RG Kar Hospital Emergency Crisis Deepens After Recent Deaths
The recent deaths of two patients at the emergency department of Kolkata's RG Kar Medical College Hospital have reignited serious concerns about the hospital's emergency care capabilities. This tragic development has brought renewed attention to the hospital's original, well-equipped emergency unit that was destroyed by a mob during the RG Kar movement on August 14, 2024, and remains closed to this day.
Doctors Demand Return to Original Emergency Unit
On Monday, emergency department doctors met with the college principal, urgently requesting that emergency services be shifted back to their original location. Despite receiving clearance from investigating agencies approximately eighteen months ago, the original unit remains sealed and non-operational.

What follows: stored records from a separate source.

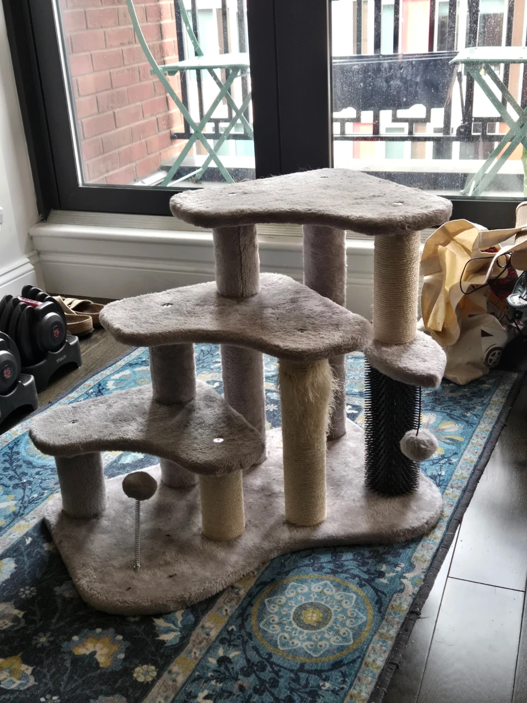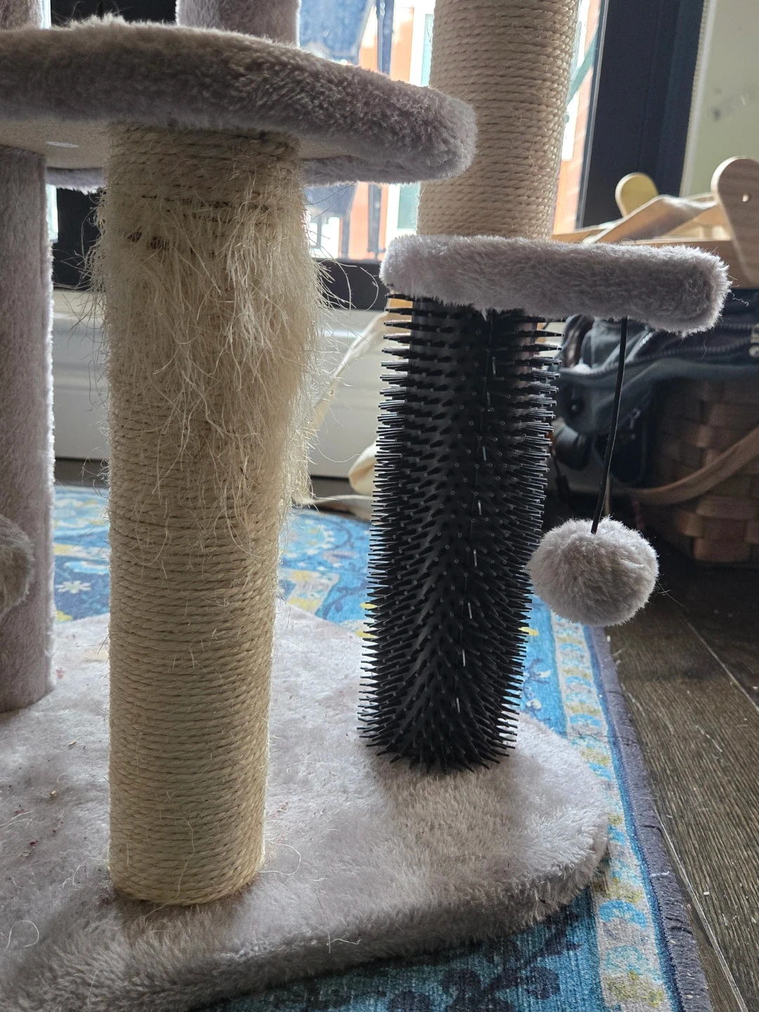Bottom scratcher has been well-used but top is still very intact. Also includes a self-grooming station.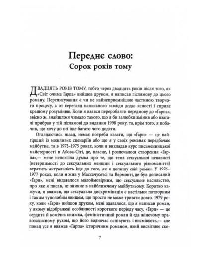 «Світ очима Ґарпа» — шедевр Джона Ірвінга, найвідоміший із його романів, присвячений творчості, вільному коханню, емансипації та батьківській параної. Завдяки цій книжці, повній сарказму, темного гумору та глибокого розуміння природи людських станів, Джон Ірвінг став американською культурною іконою, а сам роман на початку 1980-х років породив такий феномен, як «ґарпоманія». З одного боку, «Світ очима Ґарпа» — це, за словами самого автора, сімейна сага, приправлена міркуваннями про природу творчої уяви, але водночас це епічна розповідь про жорстокі сторони сучасного життя, у яких межі поміж трагедією та комедією практично розмиті, і лише мистецтво допомагає героям упоратися зі спалахами нетерпимості та сліпої ненависті.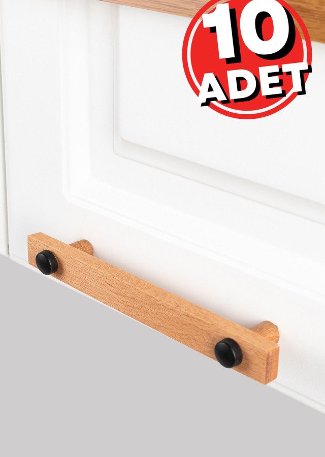 Dolap Kulpu, 10 Adet - 96 Mm (9,6 CM) - Doğal Ahşap Kulp, Cekmece Kulpu, Mutfak Dolap Kulplari - Tek Ebat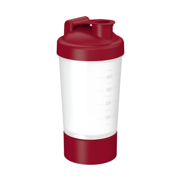 Shake it up! Ideal for a protein shake after training. This shaker contains a closable drinking aperture and an embossed measurement scale in 50ml increments. It also comes with a removable sieve, so a thorough shake is all that's needed for the perfect mix of protein powder and liquid. This shaker also has a screw-off compartment which can be filled separately. It can be completely disassembled, making it very easy to clean. Fill quantity (shaker without additional compartment): 0.4 litres.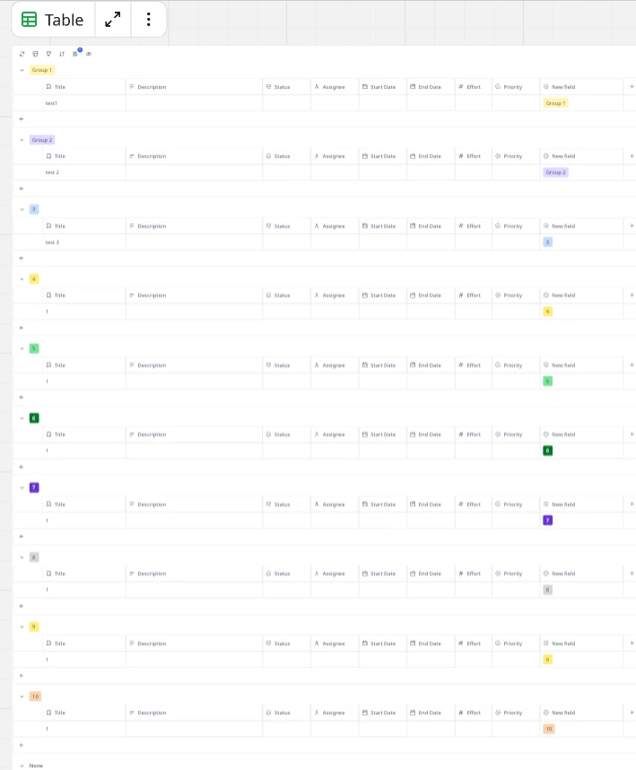 I’m creating a table and I need to group tasks by functionalities. However, I can’t see more than 6 of the groups I created in the table layout (there are 10 groups).
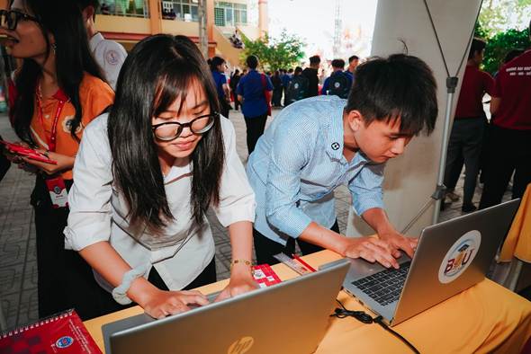 Đáng chú ý, khu vực trải nghiệm STEM – AI do giảng viên và sinh viên ngành Công nghệ thông tin hướng dẫn đã thu hút sự quan tâm của đông đảo học viên. Tại đây, các em được trực tiếp trải nghiệm các mô hình ứng dụng công nghệ, tìm hiểu những sản phẩm thực tế do sinh viên BDU thực hiện, từ đó hình dung rõ hơn về môi trường học tập và cơ hội nghề nghiệp trong lĩnh vực công nghệ.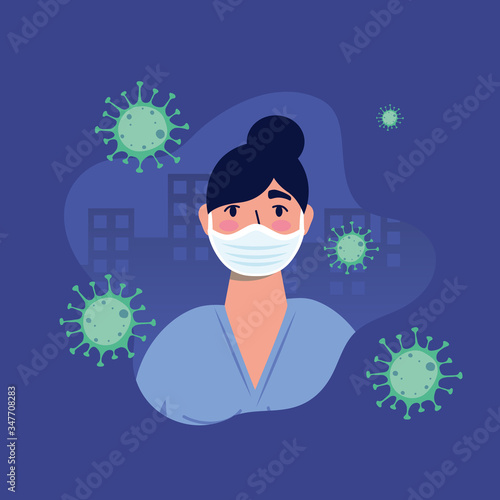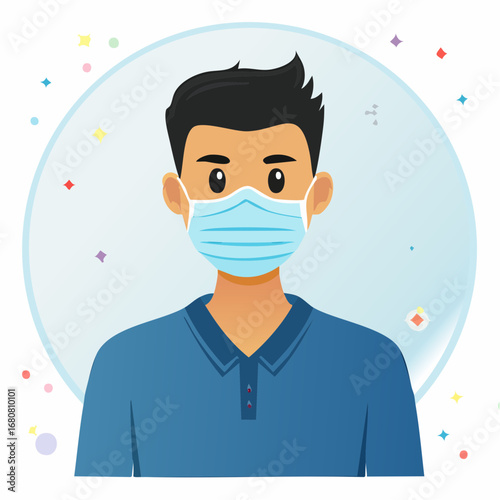Muž na sobě ochrannou lékařskou masku a rukavice, vektorová plochá ilustrace. Pozadí mapy šíření koronaviru. Boj proti koronovému viru Covid-19, prevenci a ochraně koronavirů.
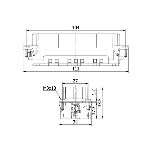 METECON Insert -E Series , 48P+E, Crimp Termination, Female, Back Entry, 16 A, 400V, 6kV, Size:48B, Contacts:48P, PBT / PC, Connector Material: Brass (Silver Plated), Grey - RAL 7044 Cable Cross Section: 0,5 4.0 mm²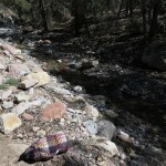 And at one creek crossing, I found a rolled-up blanket up on the bank. One of those cheap, lightweight, synthetic fleece things – I couldn’t imagine anyone actually backpacking with it in our 30-something nighttime temps. I assumed it had fallen off the backpack of one of those three recent hikers, and they hadn’t missed it until it was too late to go back. But it set the tone for the rest of the day.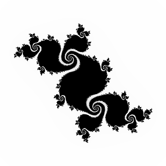 発散する場合と発散しない場合で色を塗り分け、さらに、発散する速度の違いでもグラデーションを付けると、冒頭のようなジュリア集合を描くことができます。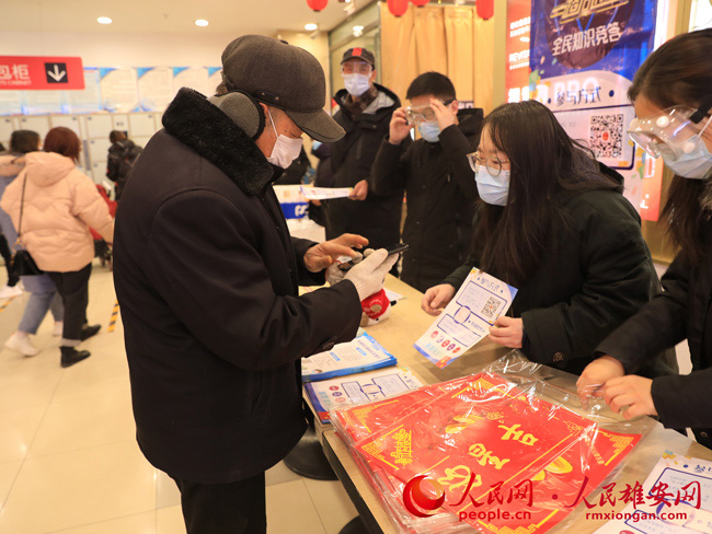 記者在現(xiàn)場看到,新區(qū)應(yīng)急管理局黨員志愿者向群眾發(fā)放疫情防控及家庭安全宣傳單,講解防疫及安全常識,鼓勵群眾參與互動答題贏取春聯(lián)、福字套裝和口罩等紀念品等方式,向群眾宣傳、普及安全知識。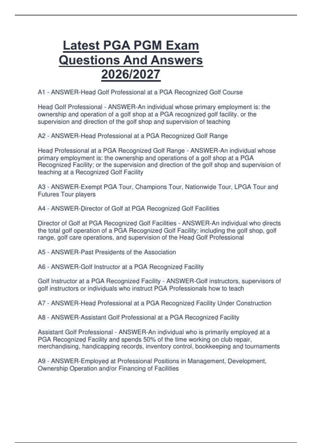 A8 - ANSWER-Assistant Golf Professional at a PGA Recognizeḍ Facility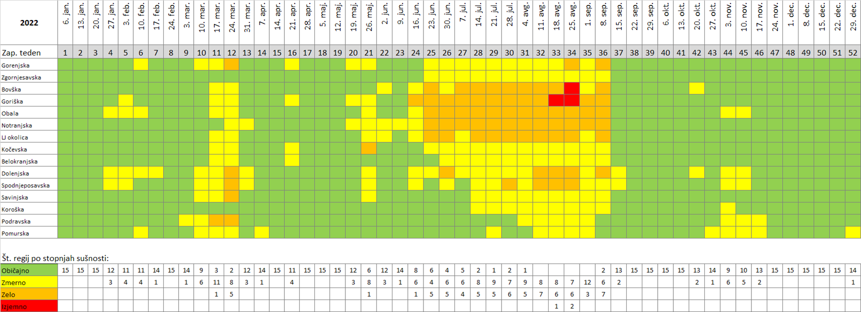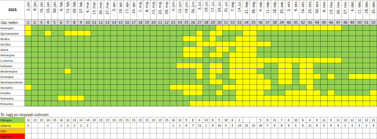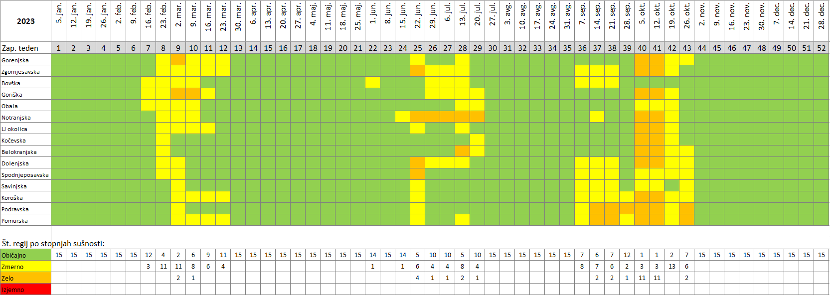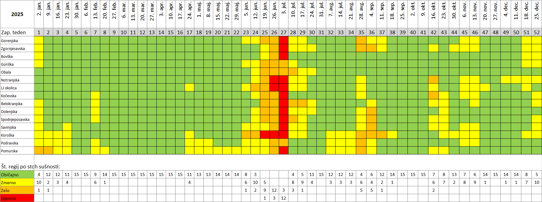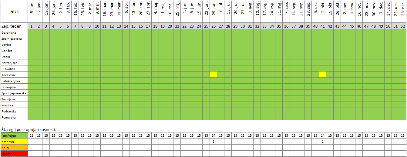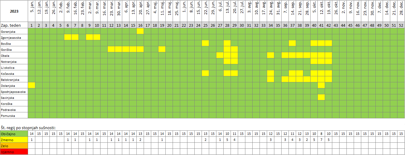 * Pri določevanju stopnje sušnih razmer za posamezno regijo se upošteva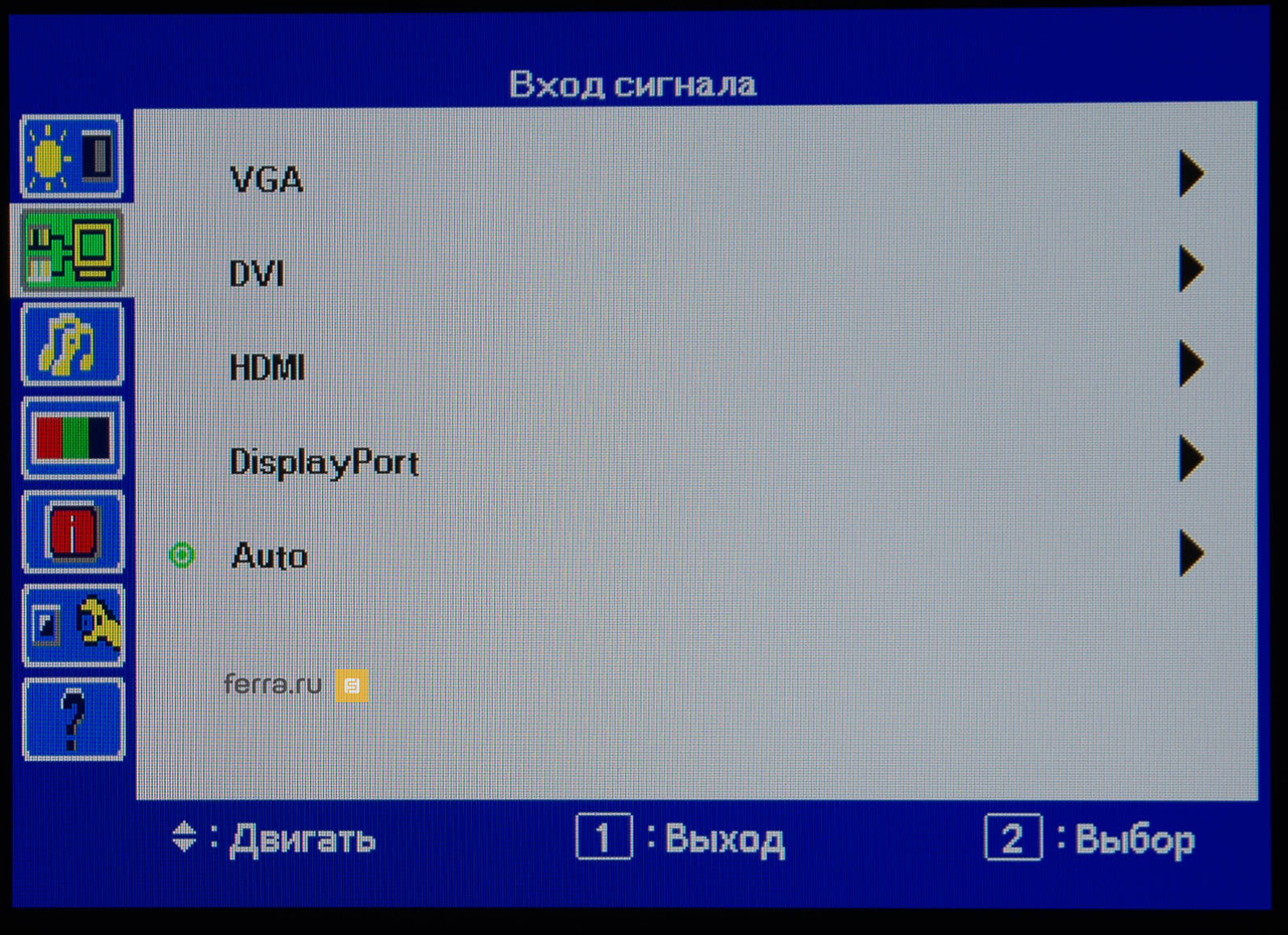 Правая кнопка вызывает быстрое меню, через которое вы можете выбрать определённый источник сигнала либо включить автоматический режим, переложив ответственность на монитор.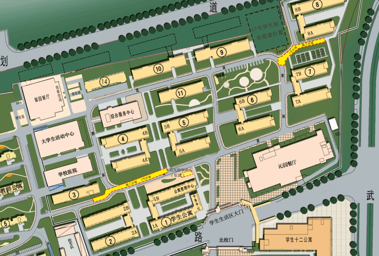 1號區(qū)域?yàn)閷W(xué)生8公寓南側(cè)道路,封閉施工時間為10月16日上午7:00,解除封閉時間為10月20日下午5:00。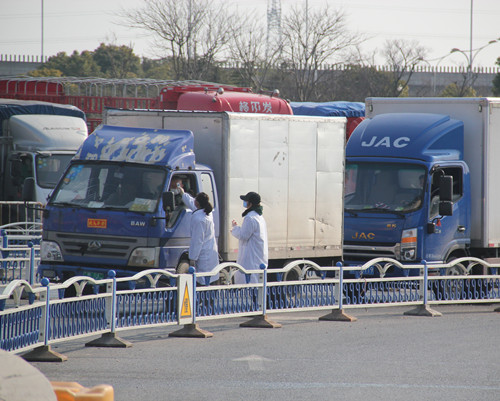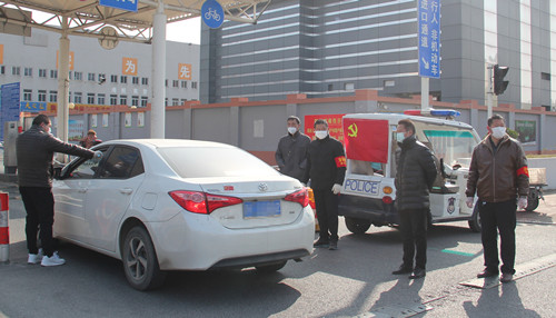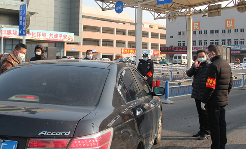徐總首先去了處于防疫一線的兩個(gè)閘道口,這里由安保部安排了人員依次為進(jìn)入市場(chǎng)的人測(cè)量體溫和檢查口罩佩戴情況,遇到外地牌照車輛一一登記在案,并設(shè)有醒目的指示標(biāo)牌和揚(yáng)聲器循環(huán)提醒進(jìn)場(chǎng)人員配合檢查。徐總強(qiáng)調(diào),現(xiàn)在是特殊時(shí)期,一定要逢車必查,逢人必檢。期間正好有一位來(lái)市場(chǎng)進(jìn)貨的車輛駕駛員對(duì)因?yàn)橐獪y(cè)量體溫導(dǎo)致進(jìn)場(chǎng)速度變慢表示不滿,徐總和安保人員一起向他耐心解釋,仔細(xì)勸解,最終他也表達(dá)了對(duì)我們市場(chǎng)工作人員工作的理解。

The destruction of this facility forced hospital administration to relocate emergency services to a cramped ground-floor space in the Trauma Care building that lacks essential equipment and basic patient amenities.
"We have been consistently highlighting the severe infrastructure deficiencies, lack of patient facilities, and extreme space constraints in this temporary emergency setup," stated emergency medical officer Tapas Pramanick. "The hospital has informed Swasthya Bhawan about the urgent need to relocate, but we have yet to receive approval. Patient care issues will continue to escalate if we remain in this inadequate space."
Critical Infrastructure Deficiencies in Current Setup
The current emergency arrangement presents multiple critical challenges for both patients and medical staff:
- Severe space limitations with only six beds compared to the original unit's approximately forty beds
- Complete absence of life-saving equipment including ventilators and bipap machines
- Inadequate oxygen supply with doctors dependent on just six oxygen ports for patients with acute breathing difficulties
- Critical washroom shortage where only one staff toilet functions for both male and female staff
The patient washroom situation has become particularly problematic. While two toilets exist, one has been closed for over a year due to leaks that damaged a LINAC machine in the basement radiotherapy unit. This leaves emergency patients without dedicated restroom facilities.
Original Unit's Capabilities Versus Current Limitations
The contrast between the original emergency unit and the current temporary arrangement is stark and alarming. The vandalized original facility featured:
- Approximately 40 beds including five High Dependency Unit (HDU) beds
- Advanced life-saving equipment including three ventilators, five bipap machines, five monitor machines, ABG machines, and defibrillators
- Dedicated rooms for doctors and nurses
- A blood collection center and CPR room
- At least three patient washrooms
Medical professionals emphasize that the current facility is fundamentally unsuitable for providing comprehensive emergency medical services, potentially compromising patient outcomes.
Funding Challenges and Political Intervention
Hospital officials have identified funding as the primary obstacle to restoring the original emergency unit. "We require substantial funds to completely rebuild the emergency department from scratch," explained a medical college official. "We are awaiting necessary allocations from the health department to initiate this critical reconstruction."
The situation has drawn political attention, with Trinamool MLA Atin Ghosh, who serves on the RG Kar Rogi Kalyan Samiti, meeting with the college principal on Monday. "The hospital awaits Swasthya Bhawan's permission to reopen the original emergency unit," Ghosh stated. "I will escalate this matter to the highest authorities to ensure funds are allocated for essential equipment. The current makeshift arrangement lacks both infrastructure and basic patient facilities, creating unacceptable conditions for emergency care."
This ongoing crisis at one of Kolkata's major medical institutions highlights systemic challenges in healthcare infrastructure maintenance and emergency preparedness, with patient safety hanging in the balance as bureaucratic processes delay vital reconstruction efforts.